With this knowledge, we should be able to construct a test to determine what to do with that file.

It seems that the files that really are ASCII / text have 'text' in the response. SVG and JSON files are also plain text.

Note that '.odt Open Document Text' files are NOT plain text or ASCII, even though this result says so.

By accident I also had a '.cue' named as a '.que' file, but the response was as though it were named correctly. This leads one to believe that the file program is not merely looking at file extensions.

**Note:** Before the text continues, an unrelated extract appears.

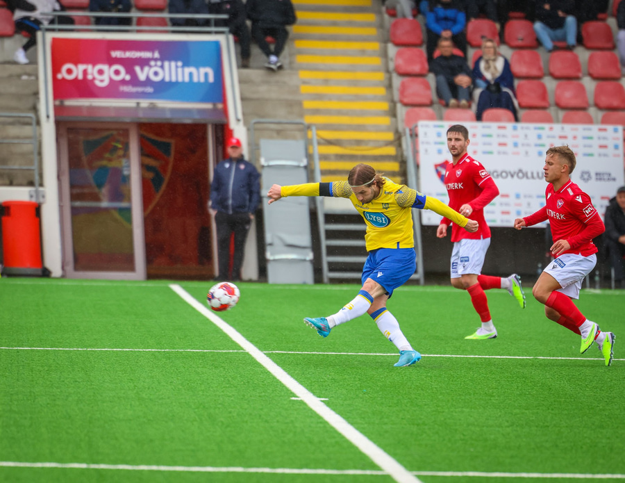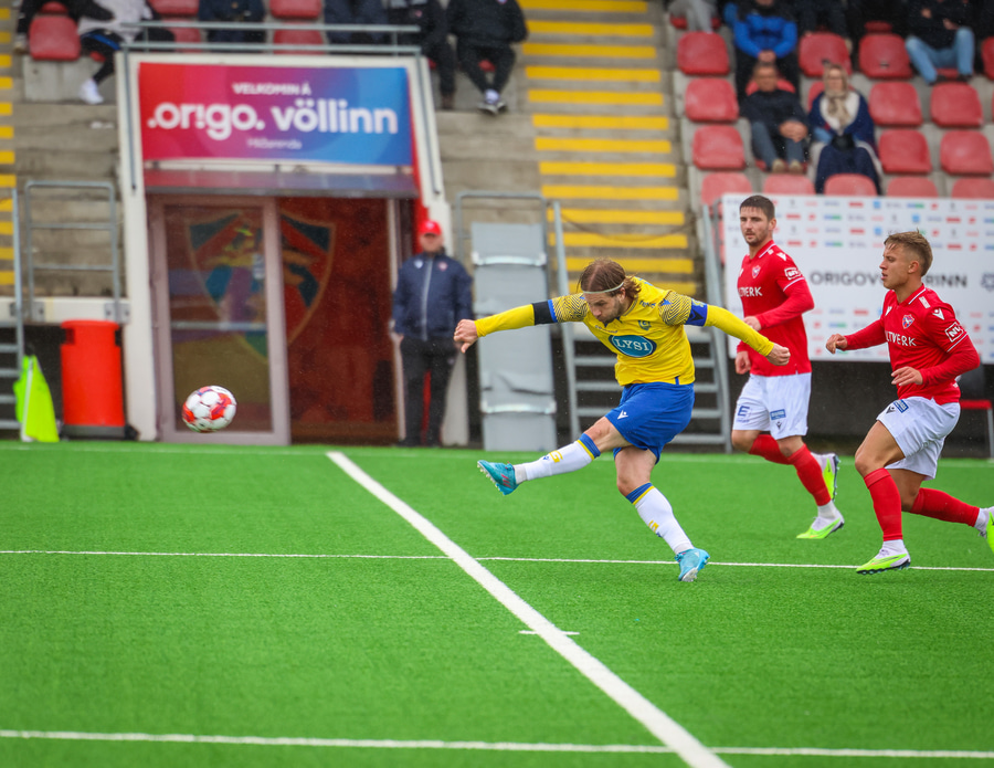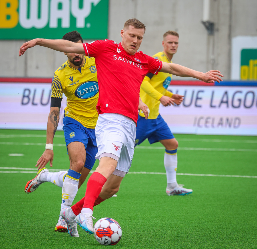 Dagur Tausta hefði getað skorað fjórða mark Grindvíkinga en skaut framhjá.

So we can check for 'text' in the response, or if the file extension is .svg or .json we can assume they are ASCII as well.

If you deal with files other than those above, your mileage may vary, so be aware.

This is under the assumption that you are working on your computer with input provided by you.
Assuming ANYTHING provided by a user is safe, is not a best practice.

In a directory (test) I have several files of various formats:

Bruce Katz Band - Get Your Groove.cue
conway-life-glider.svg
cover.jpg
ffmpeg-115034-ge09164940e.7z
FileZilla_3.68.1_macos-x86.app.tar.bz2
id_rsa.1684544711.pub
Joel Ross - early.flac
linuxmint-21.3-cinnamon-64bit-edge.iso
platypus.zip
Plex-1.6.5.1097-3bb9dc68-x86_64.zip
Plex.app
redirect.pages
ruby2.rb
shotcut-macos-241117.dmg
UnicodeData.txt

Adding a bit of magic to the whatis.sh script:

#!/usr/local/bin/bash
# whatis.sh
# determine type of file

file test/* | grep 'text'

Making a pipeline with grep, we accomplish in 1 line of code several steps. When I run the script, results are:

whatis.sh
test/Bruce Katz Band - Get Your Groove.cue:  ASCII text, with CRLF line terminators
test/UnicodeData.txt:                        ASCII text
test/ruby2.rb:                               Ruby script text executable, ASCII text

This goes a long way to helping us determine what kind of file we might be working with.

At this point we would need to check each response to see if contains the string 'text' in lower case.

I will leave this an exercise for the reader.